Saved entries
== == ==

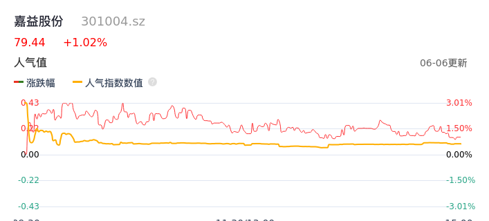 06月06日,嘉益股份收报79.44,股价涨幅1.02%,成交金额7018.23万元,换手率3.32%。
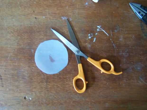 Cortar un círculo de la jarra de leche (corte bonito y grande la primera vez... se puede siempre cortar extra apagado más adelante).
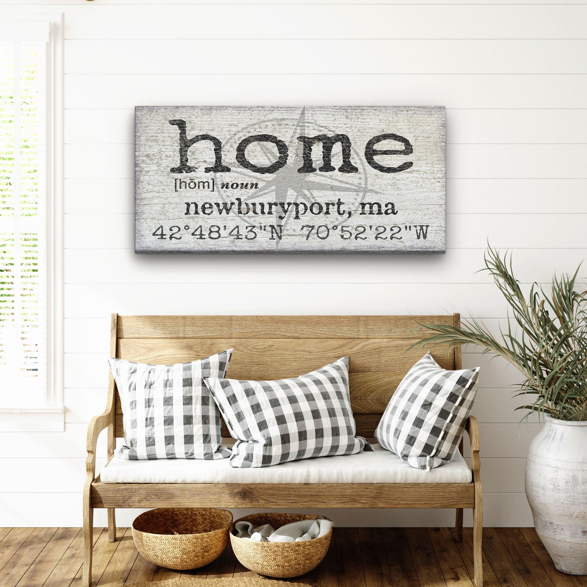Add an element of rustic charm to your homes entryway with this handsome Personalized Home Latitude Longitude gallery wrapped canvas featuring a hometown City & State. This custom-made wall décor is truly unique, featuring your GPS coordinates, City and State laid out on a distressed wood look canvas with incredibly life-like detail.
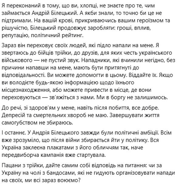 «Почему напали именно на меня? Я не знаю. Возможно, потому, что служу в «Азове»* со времен командования Билецкого. Или потому, что я на момент нападения находился в Ивано-Франковске, где организовать такое, наверное, легче, чем в Киеве. Но, я хорошо знаю Андрея Белецкого. И понимаю, что без его согласия или даже прямого указания такие вещи не происходят», — заявил «азовец»*.
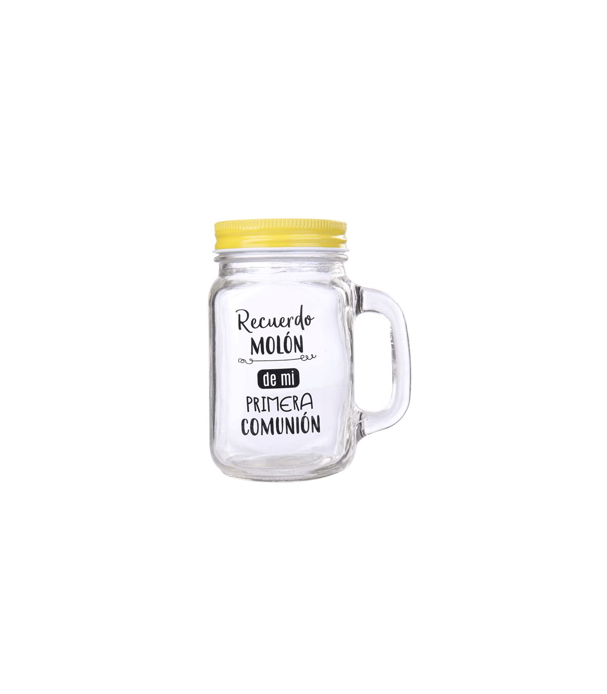 Jarra de cristal con asa y tapa metalíca de color amarillo, a juego con caña de PVC del color de la tapa.
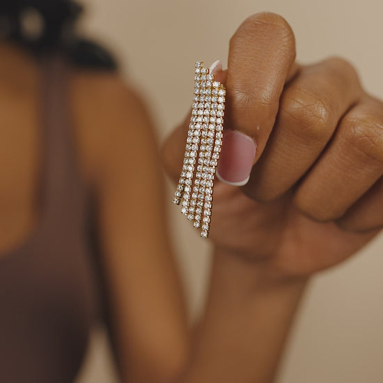 Indulge in luxury with our Linda CZ Dangle Stud Earrings. Adorned with CZ parallel rows, these earrings feature three layers that create a mesmerizing effect. The dangle design adds elegance and sophistication to any outfit. Elevate your style with these exclusive, handcrafted earrings.
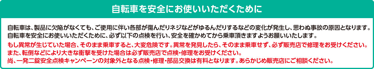 自転車は、製品に欠陥がなくても、ご使用に伴い各部が傷んだりネジなどがゆるんだりするなどの変化が発生し、思わぬ事故の原因となります。
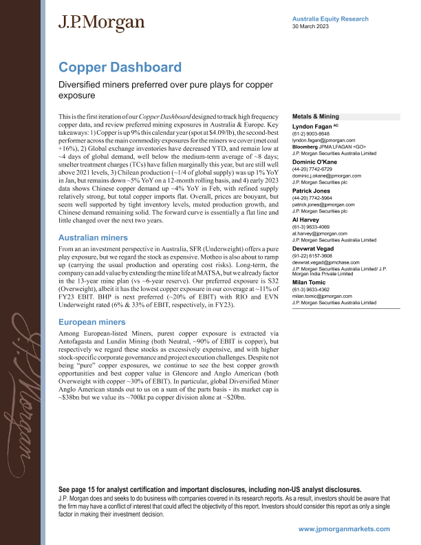 【J.P. Morgan】【20230330】JPMorgan-Copper Dashboard Diversified miners preferred over pure plays for copper exposure-19页
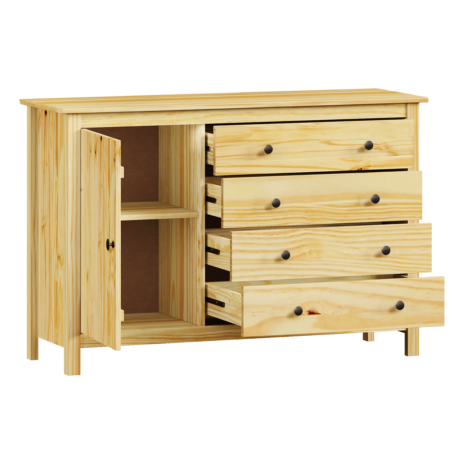 Komoda TORINO v lakovaném provedení z masivu borovice je poctivý a funkční kousek nábytku, který nenásilně dotváří interiér. Je pevná a stabilní a přitom nepůsobí robustně. Lakovaný povrch chrání dřevo a zároveň zdůrazňuje jemnou kresbu. Každý detail je promyšlený, ale nenápadný. Komoda nabízí čtyři zásuvky, které poskytují dostatek úložného prostoru pro oblečení, dokumenty nebo drobnosti, které chcete mít přehledně uspořádané. Zásuvky jsou vedeny na kovových pojezdech a otevírají se plynule a tiše. Kovové úchytky jsou pohodlné na úchop a ladí s celkovým minimalistickým designem, aniž by působily dekorativně. Vedle zásuvek jsou dvířka, za nimiž se skrývá police. Tato kombinace nabízí flexibilitu, místo pro objemné věci i prostor, který uspořádáte přehledně bez plastových boxů. Vnitřní police i zásuvky uloží vaše poklady, jakmile dveře zavřete. Komodu snadno využijete v ložnici i v obývacím pokoji, ani v předsíni neruší její přirozený vzhled. Horní deska je dostatečně pevná pro dekorace, lampu nebo květiny. Je to kousek nábytku, který zůstane věrný roky. Komoda TORINO je pro ty, kdo hledají spolehlivé řešení bez kompromisů. Je praktická, kvalitní a působí přirozeně. Je to poctivý základ, který vytvoří prostor pro váš život, aniž by ho přehlušil.
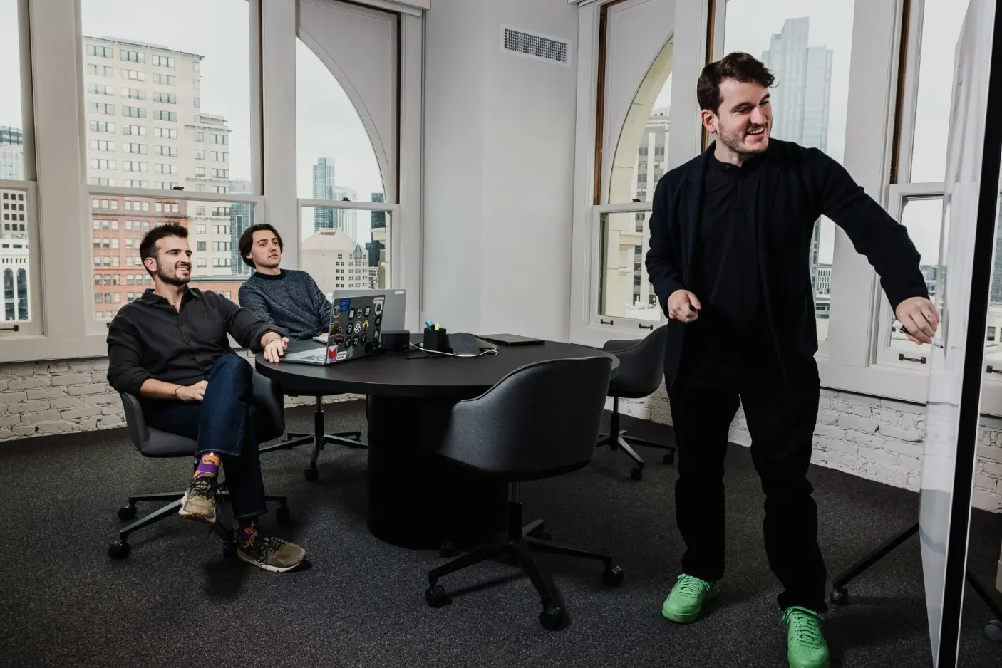 在一个寒冷的早晨,我参观了Paradigm 位于旧金山的公司,Huang的两个团队成员正在研究一种机制,这种机制可以重塑数千亿美元数字资金在金融系统中的流动方式。在一间顶层会议室里,会议室的弧形就像大教堂的回音廊,合伙人Dan Robinson一边用 “Paradigm 绿”的耐克 Air Force 1 鞋敲着地板,一边以高频交易的速度解释他们的最新突破。研究合伙人Dave White戴着六边形眼镜,留着凌乱的胡子,俯身在他的笔记本电脑前,不时停下来讨论他所发明理念背后的方程式。Huang认真地听着,他那运动员般的身躯裹着一件朴素的黑色日本毛衣,举手投足间带着一种始终领先于人的安静权威。
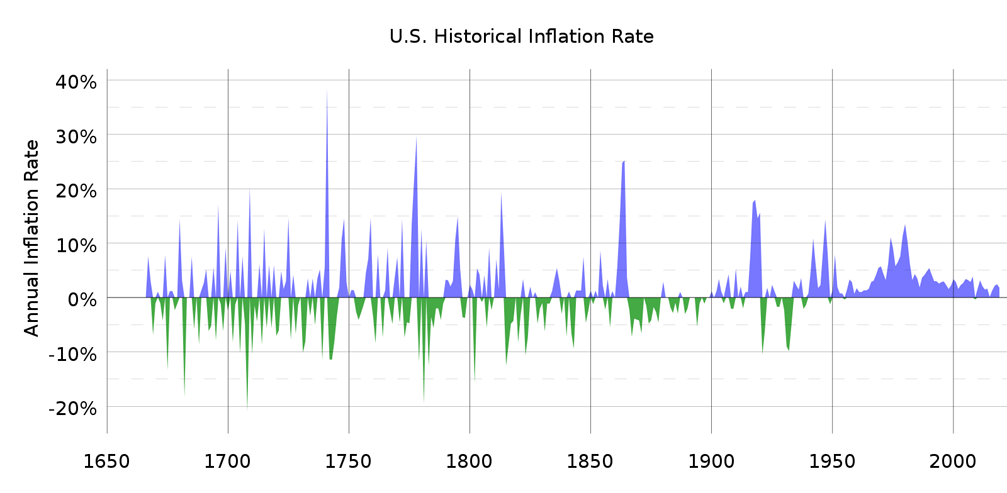 Voici un graphique présentant l’inflation aux États-Unis. Avant 1914, l’inflation était en rapport direct avec les cycles capitalistes et apparaissait massivement de manière épisodique. Avec la première crise générale du capitalisme, l’inflation s’installe par contre.
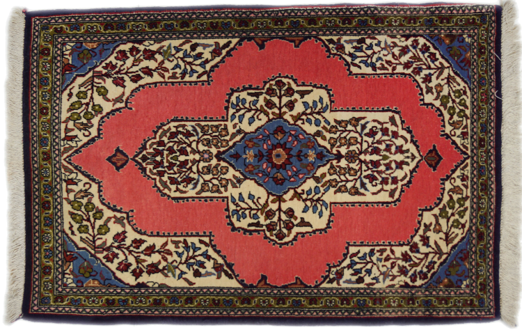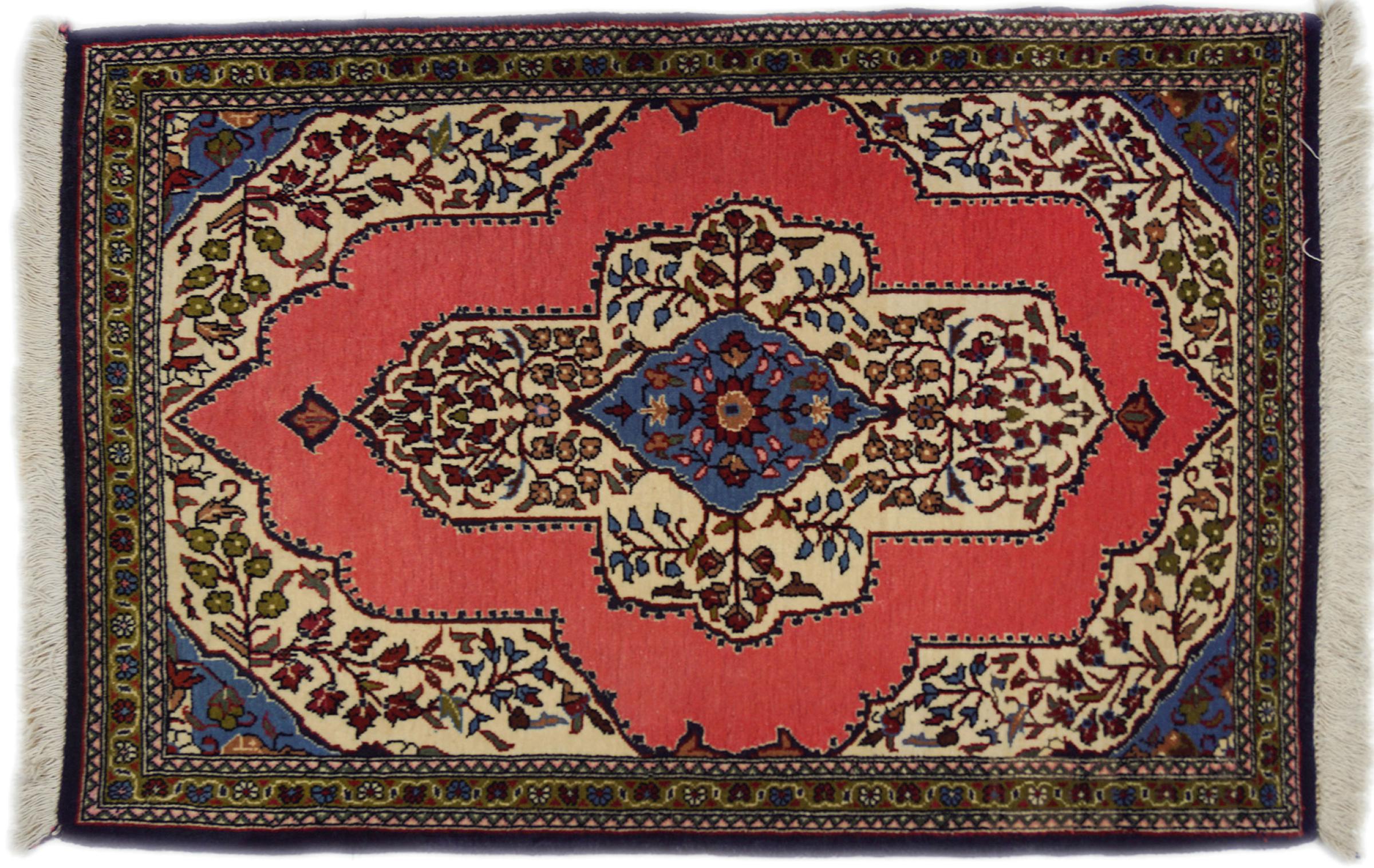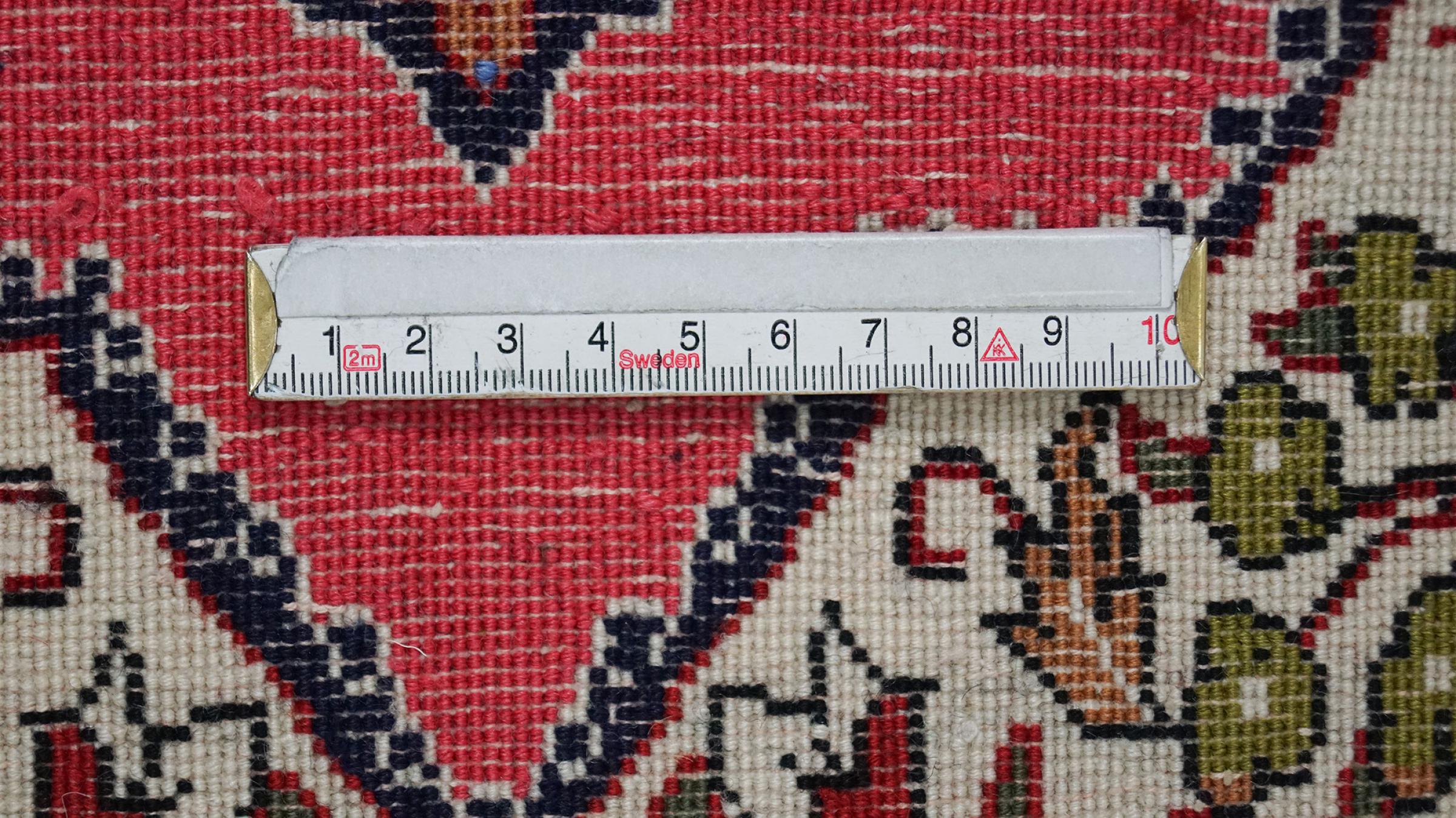 Mattans ID: 316108002950586 Storlek: 94x61 cm Tjocklek: ap. 10 mm Knuttäthet: 410 000 - 450 000 / m² Tillverkning: Knuten för hand Lugg: Handspunnen ull Varp: Bomull Ursprung: Persien / Iran Ålder: Gammal, 30-50 år Vikt: ap. 2 kg I lager: Unik - Endast 1 i lager
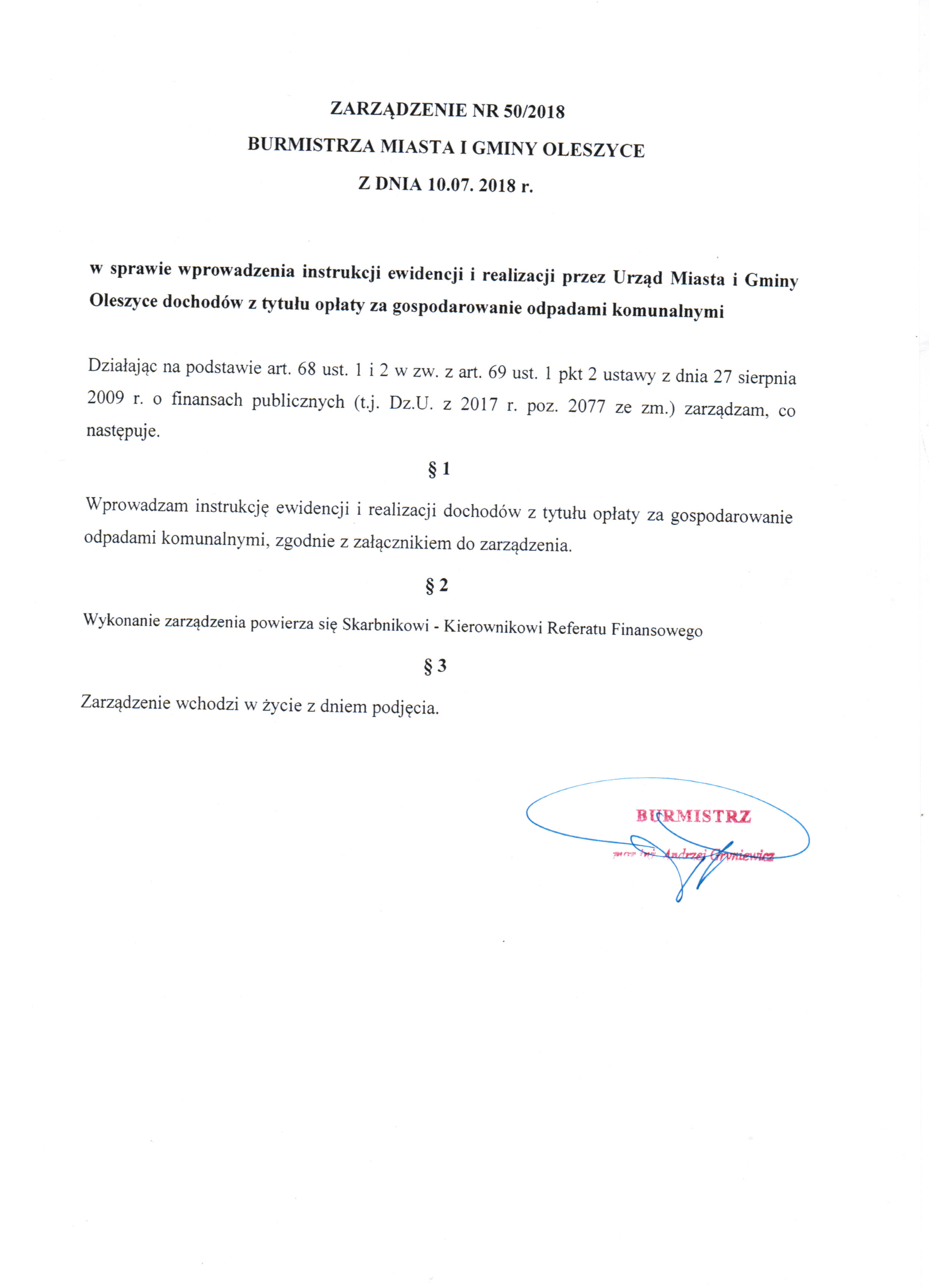 Zarządzenie nr 50/2018
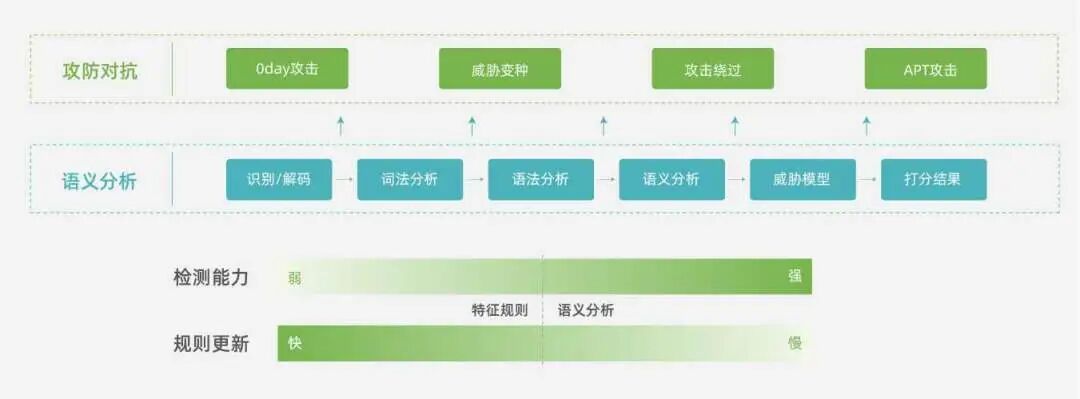 全悉(T-ANSWER)的无规则智能威胁识别引擎,按照攻击类型从语法进行分类,从语义上真正理解当前payload是否为攻击,对攻击者使用的变种攻击、混淆攻击、0day攻击具有实际的检测效果,能够天然检测超过50%的0day攻击。
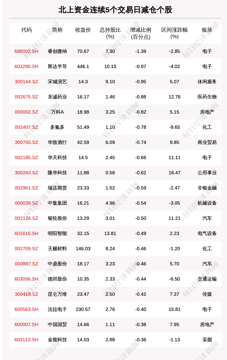 每经AI快讯,11月10日,北上资金连续5个交易日卖出81个股。北上资金连续5个交易日减仓个股中,睿创微纳(688002.SH,收盘价:70.67元)减持比例增幅最大,5个交易日减持1.39百分点,其他跌幅较大的个股包括斯达半导(603290.SH,收盘价:446.1元)、宋城演艺(300144.SZ,收盘价:14.3元)、东诚药业(002675.SZ,收盘价:16.17元),分别减持0.97个百分点、0.95个百分点、0.88个百分点。
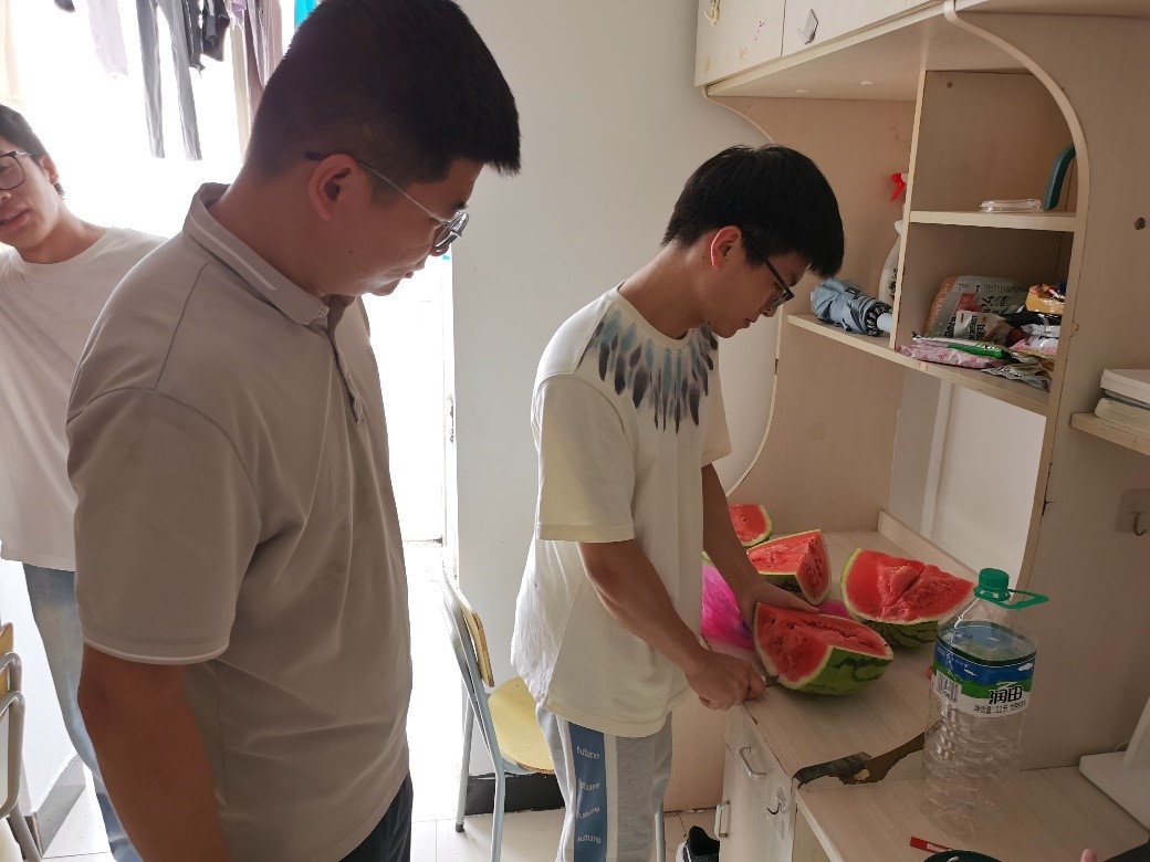 为了备考明年的法考、研究生考试、公务员考试,许多学子选择留在校园继续学习。随着夏日的高温持续,学院深知学子们在酷暑中的辛劳,特意准备了冰饮和西瓜,前往学生宿舍,向留校学子们表达学院的关心和慰问。

== == ==

Your objective: Above are records with pictures. Reproduce exactly only the lines from the line with "Mattans ID: 316108002950586" through the line with "Zarządzenie nr 50/2018", both ends included, and leave the pictures out.

Exercise solution:
 Mattans ID: 316108002950586 Storlek: 94x61 cm Tjocklek: ap. 10 mm Knuttäthet: 410 000 - 450 000 / m² Tillverkning: Knuten för hand Lugg: Handspunnen ull Varp: Bomull Ursprung: Persien / Iran Ålder: Gammal, 30-50 år Vikt: ap. 2 kg I lager: Unik - Endast 1 i lager
 Zarządzenie nr 50/2018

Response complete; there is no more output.